■ **Work item**: Which lines below fall between the one containing "据共同社等多家日媒消息,日本" and the one containing "Sollten Sie separate"? Repeat them exactly, counting both of those lines, and add nothing else.

■ **Supplied material**:
================

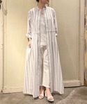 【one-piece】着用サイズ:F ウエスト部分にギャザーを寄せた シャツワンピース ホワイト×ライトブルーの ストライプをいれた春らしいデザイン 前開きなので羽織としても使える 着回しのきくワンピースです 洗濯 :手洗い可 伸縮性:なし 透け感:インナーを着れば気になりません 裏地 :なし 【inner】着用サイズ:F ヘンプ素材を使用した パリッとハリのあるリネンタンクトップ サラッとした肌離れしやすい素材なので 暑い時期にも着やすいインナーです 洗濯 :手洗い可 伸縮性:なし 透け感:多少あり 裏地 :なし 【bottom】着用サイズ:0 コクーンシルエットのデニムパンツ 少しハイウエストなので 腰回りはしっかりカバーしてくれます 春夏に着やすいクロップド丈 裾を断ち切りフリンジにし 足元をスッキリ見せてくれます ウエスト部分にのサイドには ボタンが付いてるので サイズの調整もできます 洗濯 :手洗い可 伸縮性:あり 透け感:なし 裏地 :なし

================

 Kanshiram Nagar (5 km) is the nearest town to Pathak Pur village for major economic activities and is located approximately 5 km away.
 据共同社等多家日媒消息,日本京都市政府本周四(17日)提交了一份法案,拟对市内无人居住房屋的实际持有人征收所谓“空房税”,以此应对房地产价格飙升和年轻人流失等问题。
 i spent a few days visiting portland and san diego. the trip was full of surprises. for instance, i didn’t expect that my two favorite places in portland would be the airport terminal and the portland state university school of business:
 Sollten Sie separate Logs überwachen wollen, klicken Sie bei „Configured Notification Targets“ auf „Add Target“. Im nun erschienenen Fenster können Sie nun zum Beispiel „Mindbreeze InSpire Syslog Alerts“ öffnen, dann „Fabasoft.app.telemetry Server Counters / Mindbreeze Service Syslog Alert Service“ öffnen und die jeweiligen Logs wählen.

================

■ **Your response**:
 据共同社等多家日媒消息,日本京都市政府本周四(17日)提交了一份法案,拟对市内无人居住房屋的实际持有人征收所谓“空房税”,以此应对房地产价格飙升和年轻人流失等问题。
 i spent a few days visiting portland and san diego. the trip was full of surprises. for instance, i didn’t expect that my two favorite places in portland would be the airport terminal and the portland state university school of business:
 Sollten Sie separate Logs überwachen wollen, klicken Sie bei „Configured Notification Targets“ auf „Add Target“. Im nun erschienenen Fenster können Sie nun zum Beispiel „Mindbreeze InSpire Syslog Alerts“ öffnen, dann „Fabasoft.app.telemetry Server Counters / Mindbreeze Service Syslog Alert Service“ öffnen und die jeweiligen Logs wählen.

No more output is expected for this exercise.